Assignment: Your copy should run exactly from the line containing "Plant Description: Annual" to the last line of the entries below, and it should include no pictures.

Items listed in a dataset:
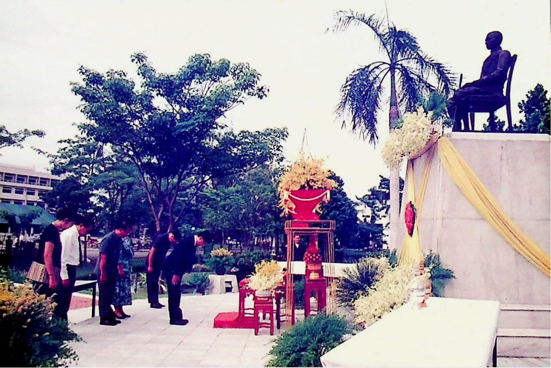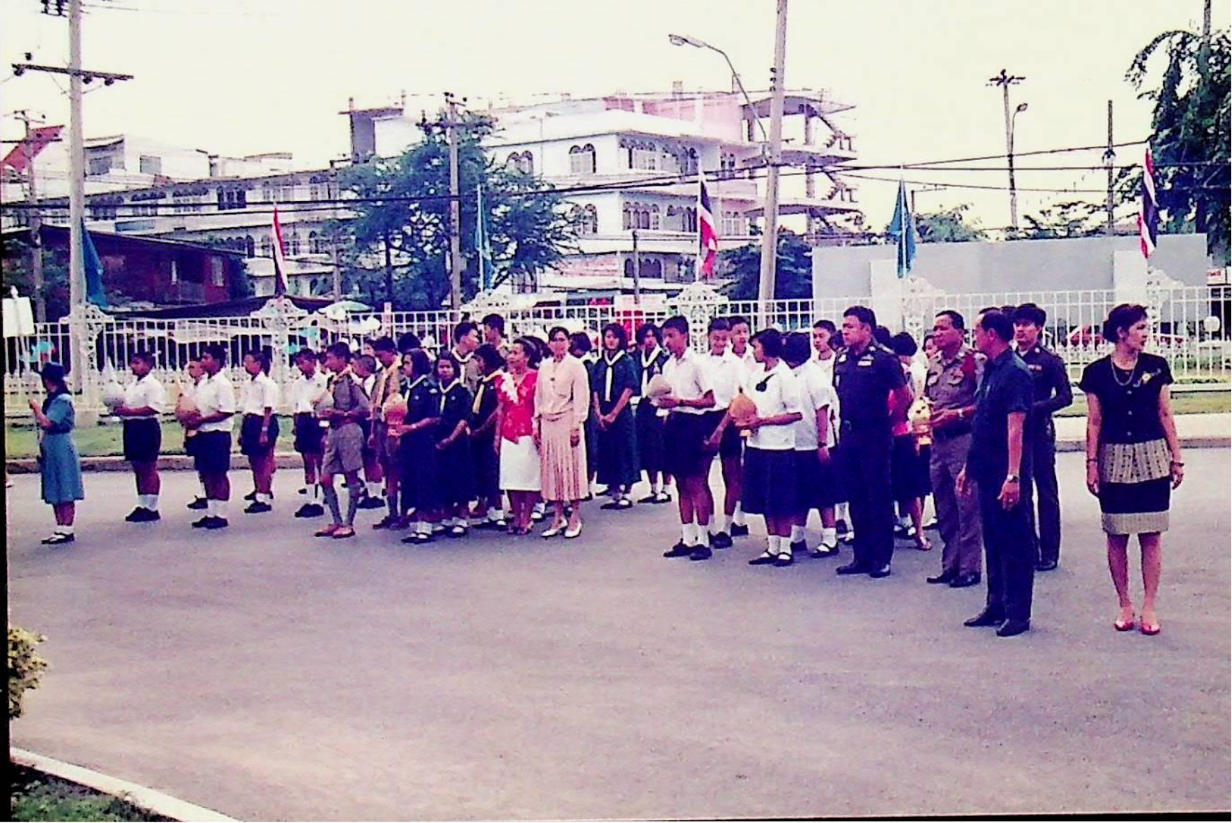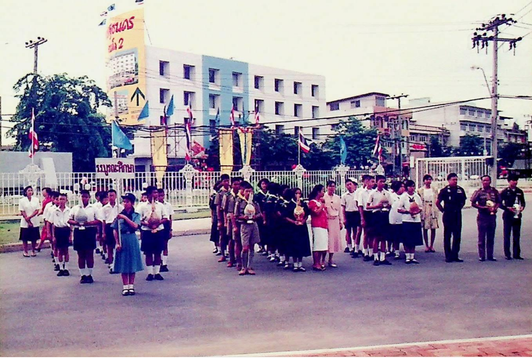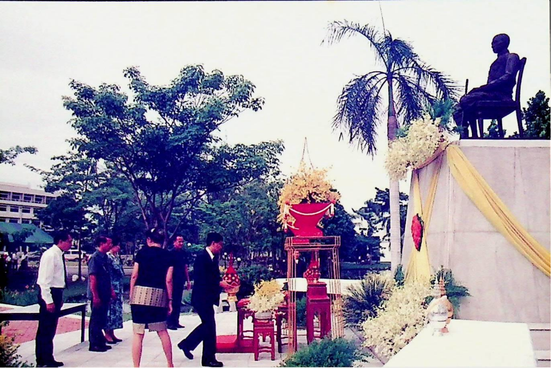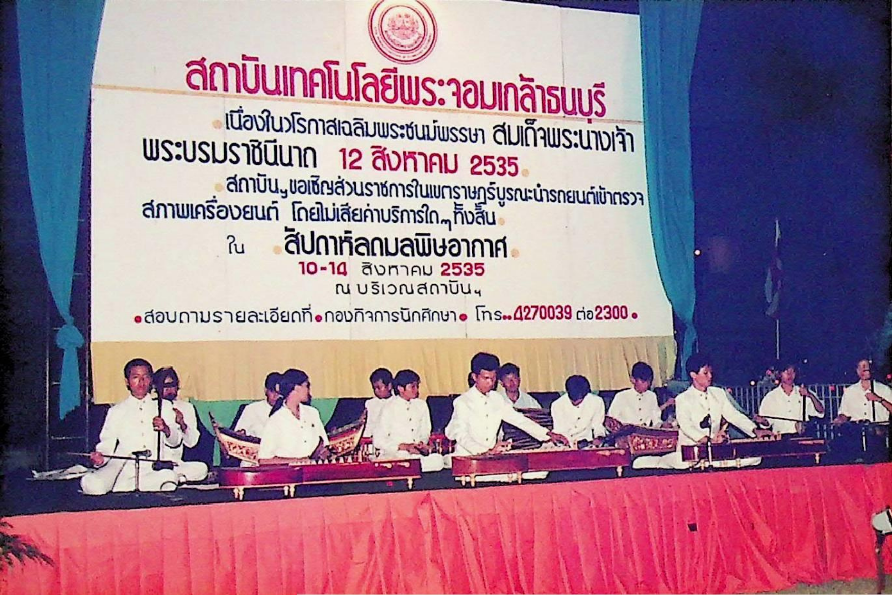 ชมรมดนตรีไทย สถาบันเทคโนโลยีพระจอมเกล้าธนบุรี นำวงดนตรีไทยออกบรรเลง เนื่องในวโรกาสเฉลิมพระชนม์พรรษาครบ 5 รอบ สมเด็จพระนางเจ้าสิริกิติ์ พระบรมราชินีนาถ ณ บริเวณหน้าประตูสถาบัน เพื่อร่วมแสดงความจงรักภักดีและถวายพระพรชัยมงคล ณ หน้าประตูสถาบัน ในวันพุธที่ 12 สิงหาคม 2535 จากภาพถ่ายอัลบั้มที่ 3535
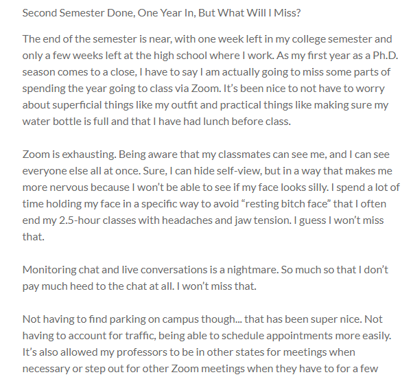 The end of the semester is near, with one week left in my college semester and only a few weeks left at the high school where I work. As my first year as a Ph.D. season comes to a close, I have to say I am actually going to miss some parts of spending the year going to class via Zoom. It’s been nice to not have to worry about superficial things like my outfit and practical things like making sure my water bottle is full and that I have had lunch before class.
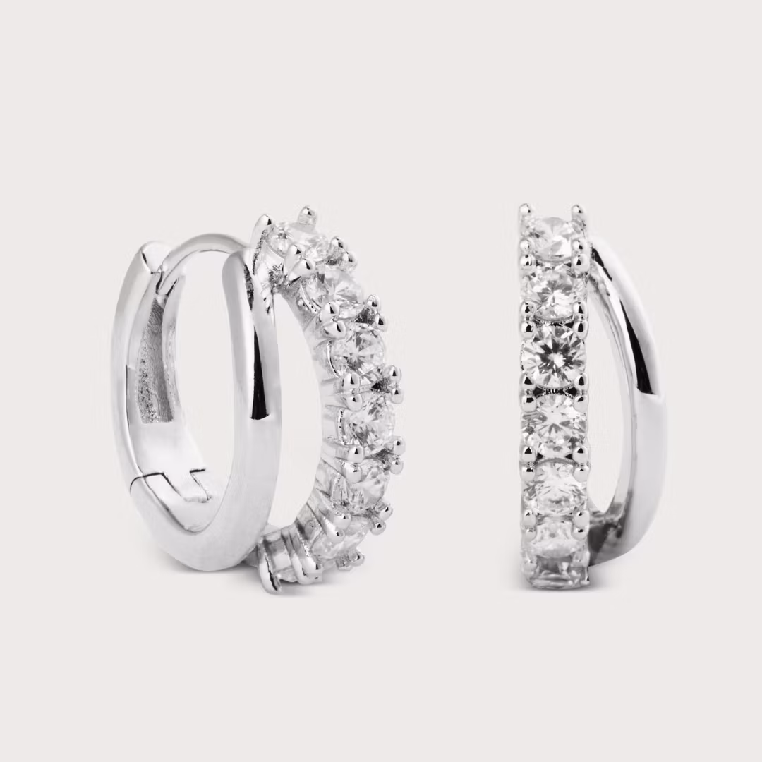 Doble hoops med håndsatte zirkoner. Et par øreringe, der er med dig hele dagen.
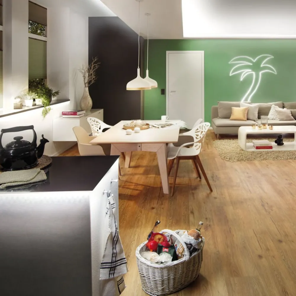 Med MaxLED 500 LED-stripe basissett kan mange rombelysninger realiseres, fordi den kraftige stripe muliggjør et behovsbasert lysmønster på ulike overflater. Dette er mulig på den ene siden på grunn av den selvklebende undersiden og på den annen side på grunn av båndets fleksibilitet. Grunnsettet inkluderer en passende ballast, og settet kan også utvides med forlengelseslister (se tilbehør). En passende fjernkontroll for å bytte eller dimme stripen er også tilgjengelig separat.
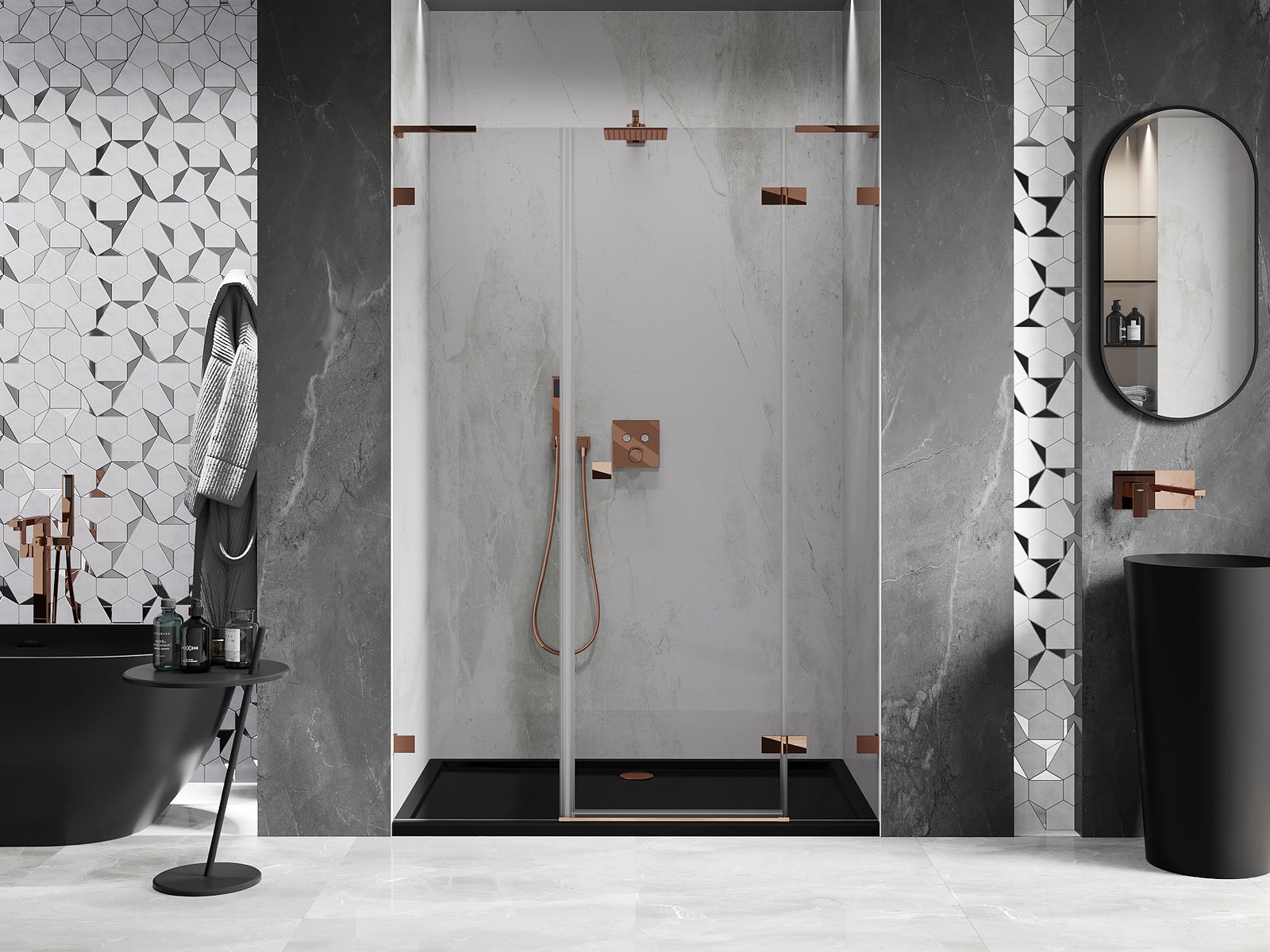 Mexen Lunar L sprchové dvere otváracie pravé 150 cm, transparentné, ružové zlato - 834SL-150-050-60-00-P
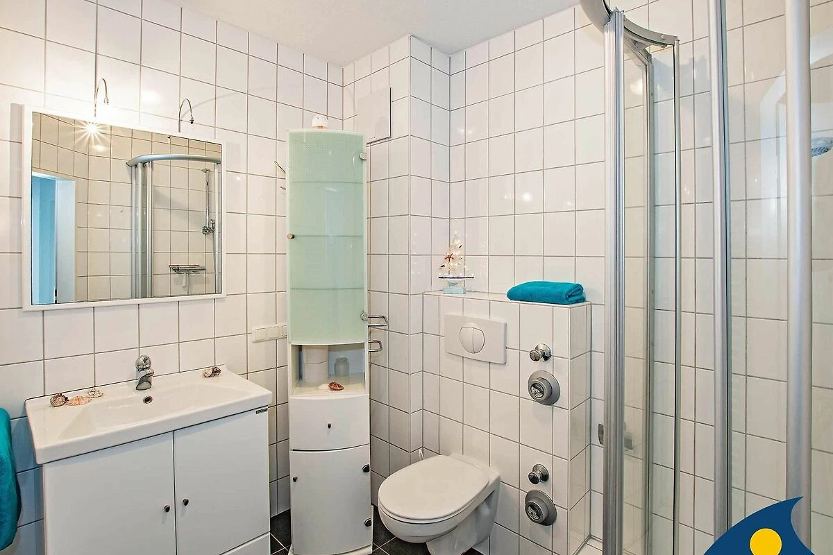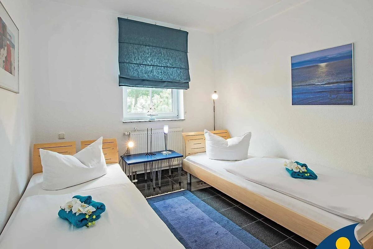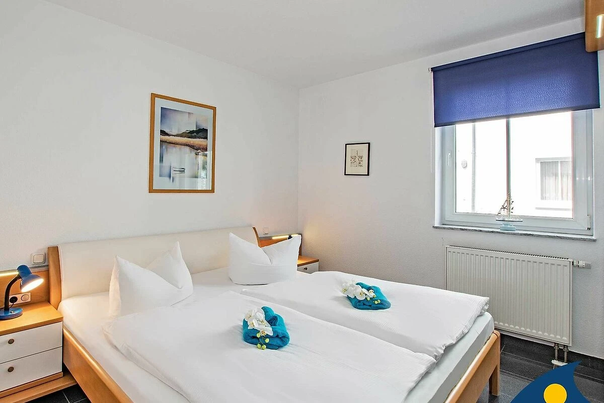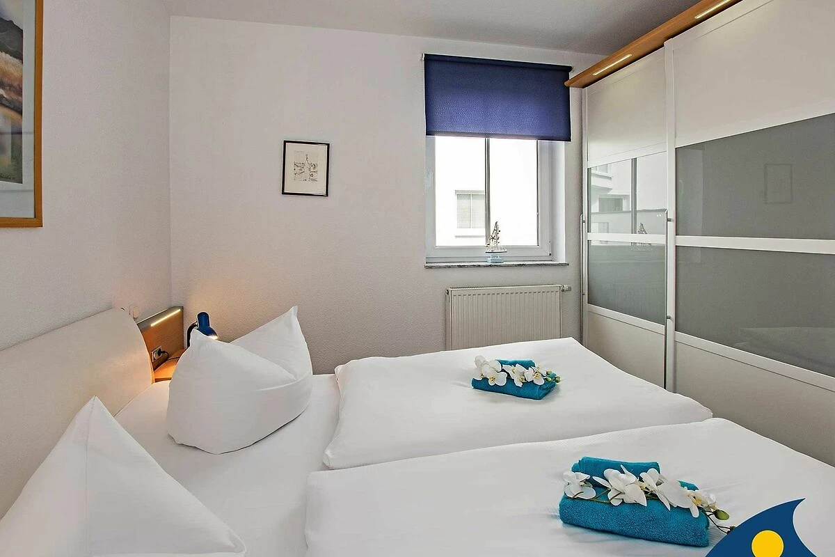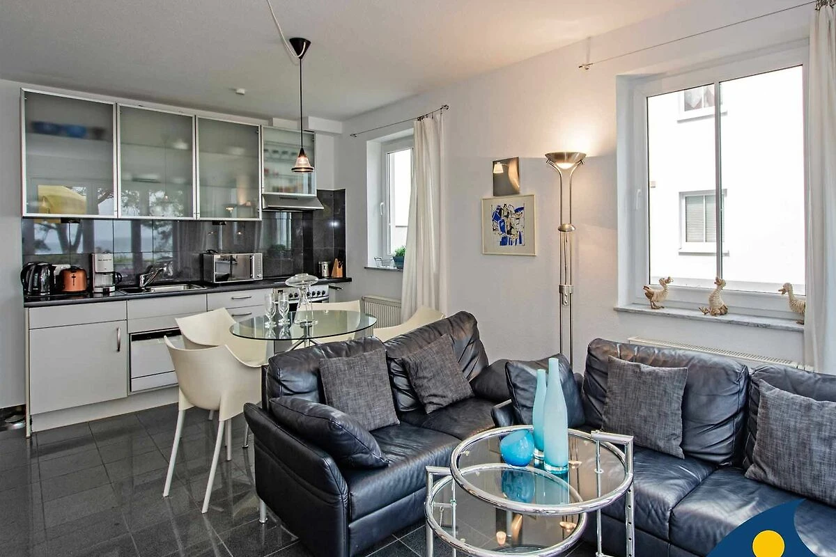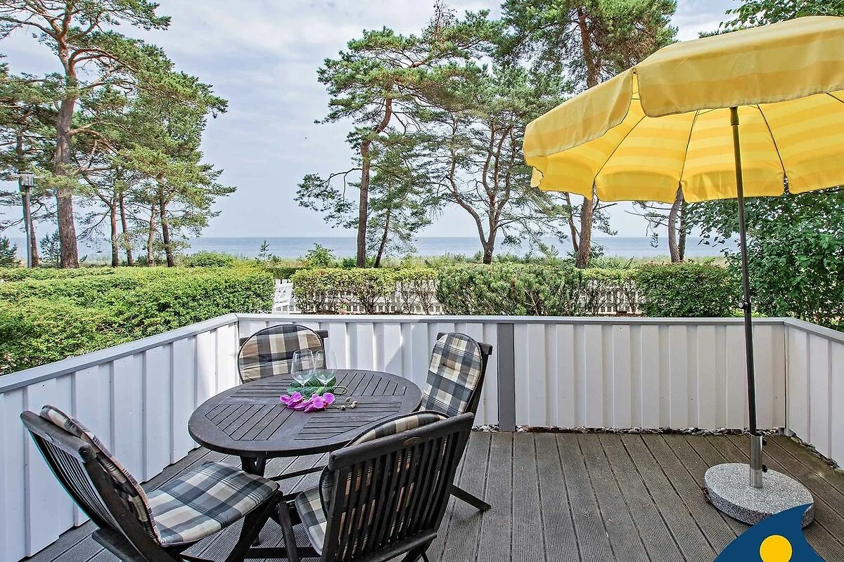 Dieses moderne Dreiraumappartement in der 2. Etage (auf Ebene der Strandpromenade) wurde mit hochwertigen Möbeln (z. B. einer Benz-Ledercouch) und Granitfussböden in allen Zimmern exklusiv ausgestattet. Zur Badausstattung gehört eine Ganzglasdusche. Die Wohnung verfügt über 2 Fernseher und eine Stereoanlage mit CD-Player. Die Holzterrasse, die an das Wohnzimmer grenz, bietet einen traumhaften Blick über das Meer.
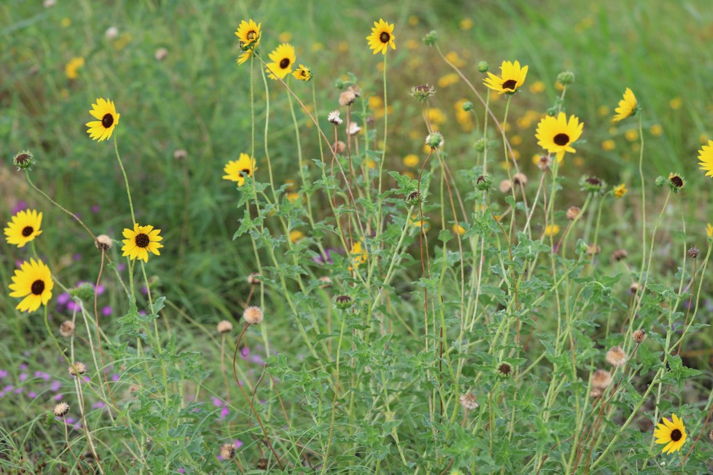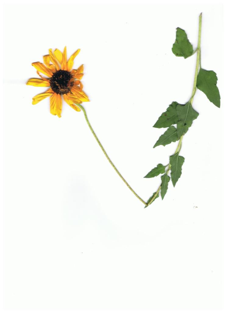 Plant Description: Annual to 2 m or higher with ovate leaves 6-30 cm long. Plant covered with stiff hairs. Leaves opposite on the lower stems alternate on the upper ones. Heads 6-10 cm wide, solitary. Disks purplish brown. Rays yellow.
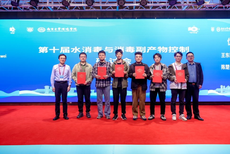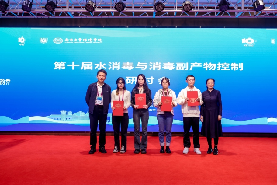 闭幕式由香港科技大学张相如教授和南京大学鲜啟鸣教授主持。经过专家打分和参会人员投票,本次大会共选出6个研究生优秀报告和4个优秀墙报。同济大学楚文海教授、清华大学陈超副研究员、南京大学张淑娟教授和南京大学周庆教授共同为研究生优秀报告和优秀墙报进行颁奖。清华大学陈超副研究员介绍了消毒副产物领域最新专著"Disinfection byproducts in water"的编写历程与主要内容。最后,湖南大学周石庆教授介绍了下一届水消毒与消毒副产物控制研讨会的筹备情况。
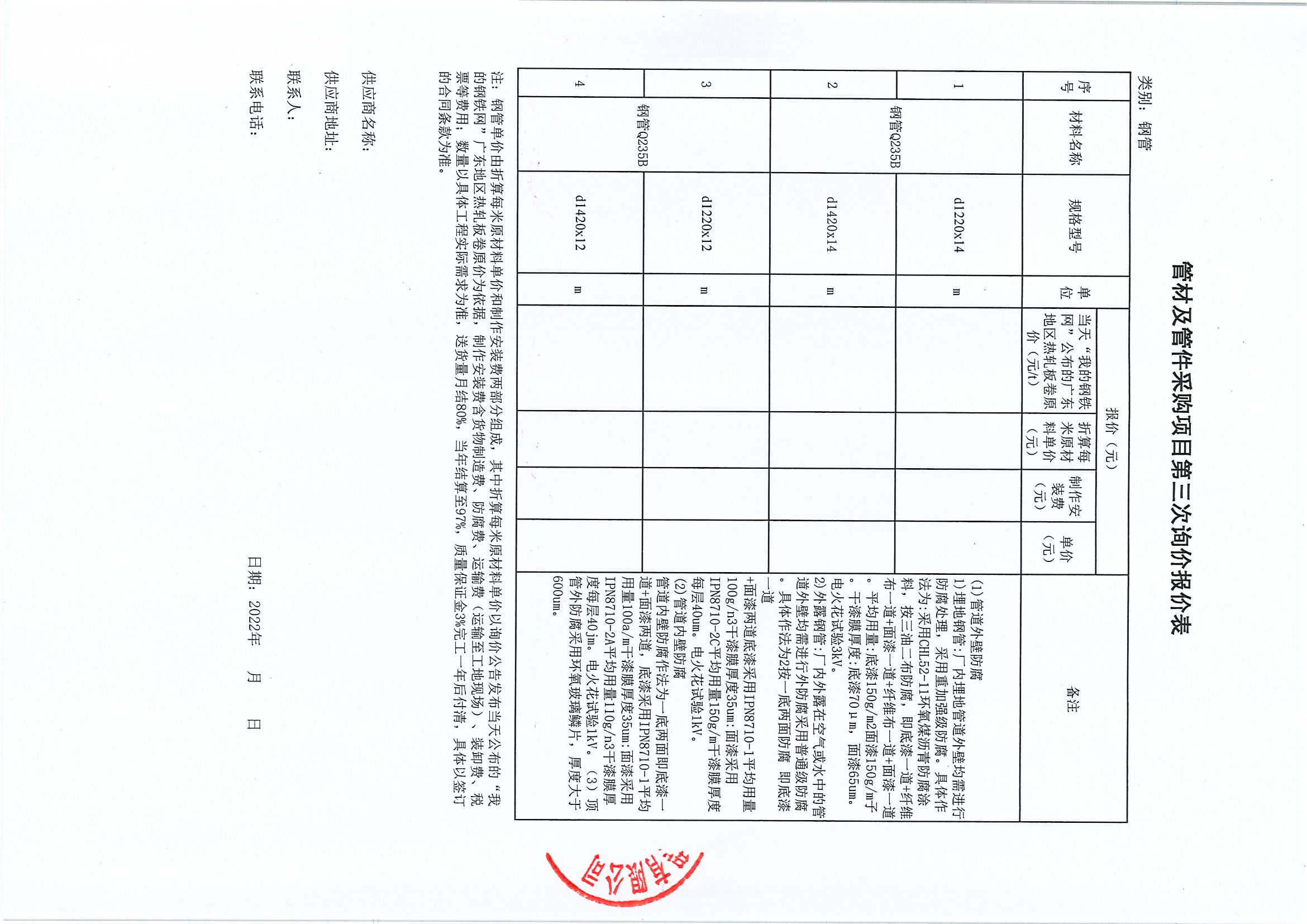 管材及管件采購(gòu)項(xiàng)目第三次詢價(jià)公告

Response to this exercise:
 Plant Description: Annual to 2 m or higher with ovate leaves 6-30 cm long. Plant covered with stiff hairs. Leaves opposite on the lower stems alternate on the upper ones. Heads 6-10 cm wide, solitary. Disks purplish brown. Rays yellow.
 闭幕式由香港科技大学张相如教授和南京大学鲜啟鸣教授主持。经过专家打分和参会人员投票,本次大会共选出6个研究生优秀报告和4个优秀墙报。同济大学楚文海教授、清华大学陈超副研究员、南京大学张淑娟教授和南京大学周庆教授共同为研究生优秀报告和优秀墙报进行颁奖。清华大学陈超副研究员介绍了消毒副产物领域最新专著"Disinfection byproducts in water"的编写历程与主要内容。最后,湖南大学周石庆教授介绍了下一届水消毒与消毒副产物控制研讨会的筹备情况。
 管材及管件采購(gòu)項(xiàng)目第三次詢價(jià)公告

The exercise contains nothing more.